# SUPPLIED DATA

──────────

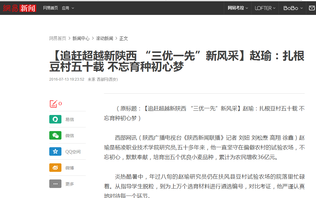 杨凌职业技术学院研究员小麦育种专家赵瑜:“我的梦就是种子梦,我搞育种我是非常喜爱,不惜一切,多苦我都熬下来了,但是现在我们越来越感觉到育种是农业生产的物质基础,国家需要,所以我就坚持一直搞。”(来源:西部网-陕西新闻网)
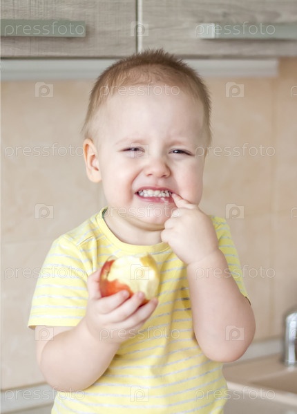 Мальчик сидит на кухонном столе, ест яблоко и очень сильно смеется
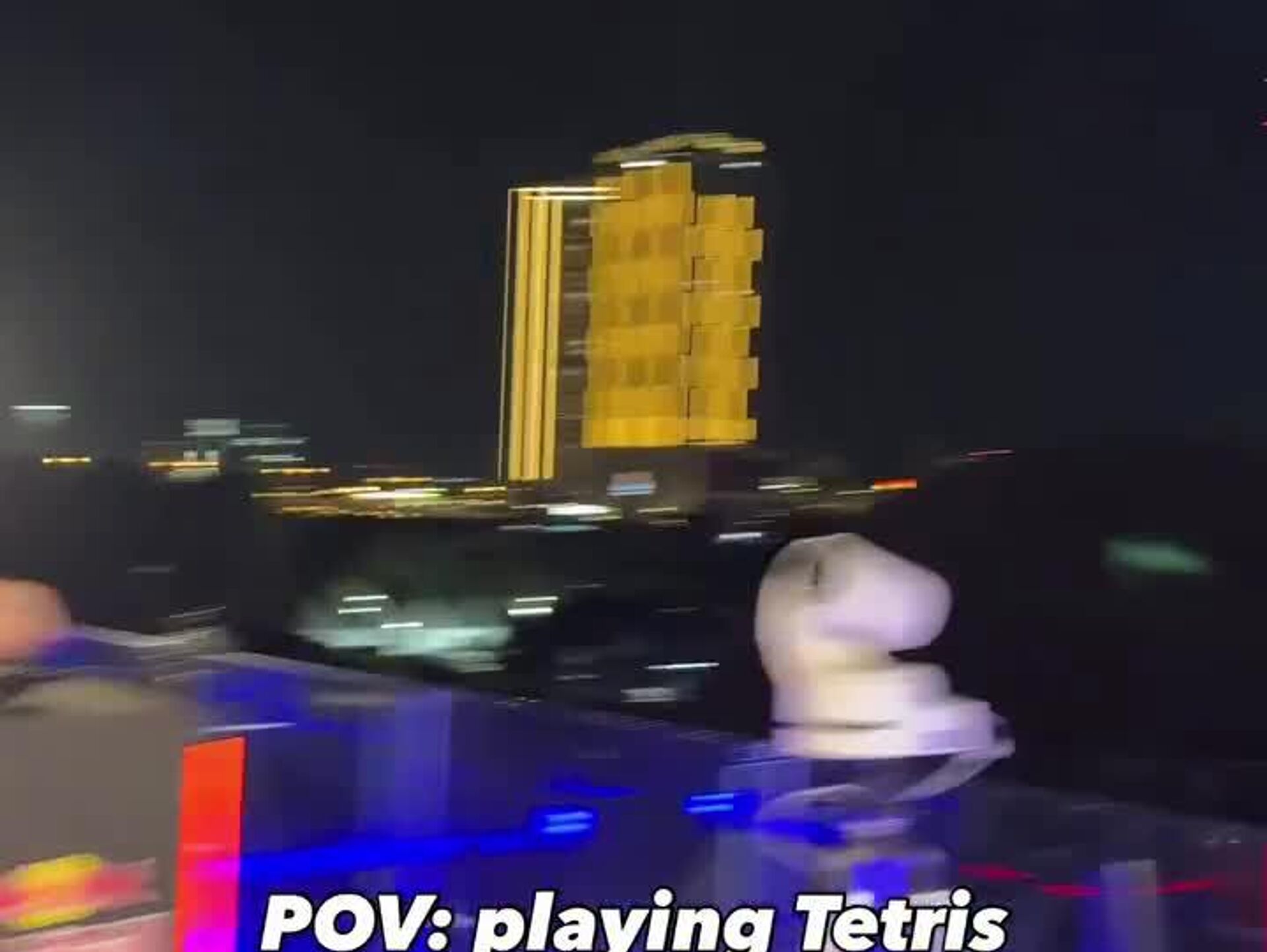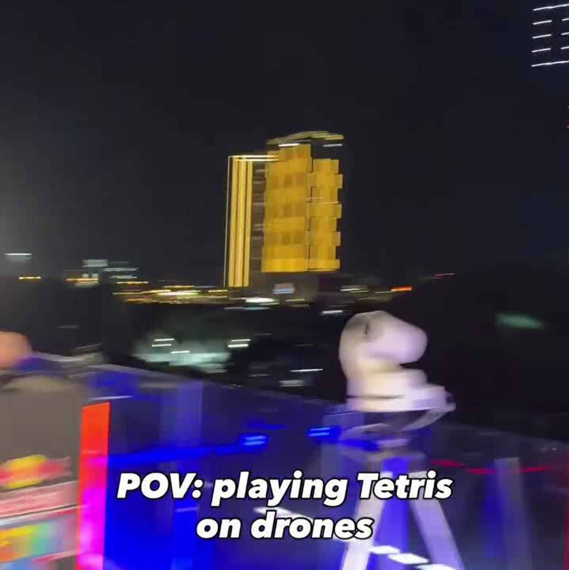 La monumental partida de Tetris tuvo lugar en el emblemático Marco de Dubái de 150 metros de altura, que se utilizó como una pantalla de juego gigante. En lugar de píxeles, cientos de drones esbozaban las piezas en el cielo nocturno de la ciudad emiratí.

──────────

# EXERCISE AIM
Please restate the material word for word; the pictures stay out.

# OUTPUT OF THE EXERCISE
 杨凌职业技术学院研究员小麦育种专家赵瑜:“我的梦就是种子梦,我搞育种我是非常喜爱,不惜一切,多苦我都熬下来了,但是现在我们越来越感觉到育种是农业生产的物质基础,国家需要,所以我就坚持一直搞。”(来源:西部网-陕西新闻网)
 Мальчик сидит на кухонном столе, ест яблоко и очень сильно смеется
 La monumental partida de Tetris tuvo lugar en el emblemático Marco de Dubái de 150 metros de altura, que se utilizó como una pantalla de juego gigante. En lugar de píxeles, cientos de drones esbozaban las piezas en el cielo nocturno de la ciudad emiratí.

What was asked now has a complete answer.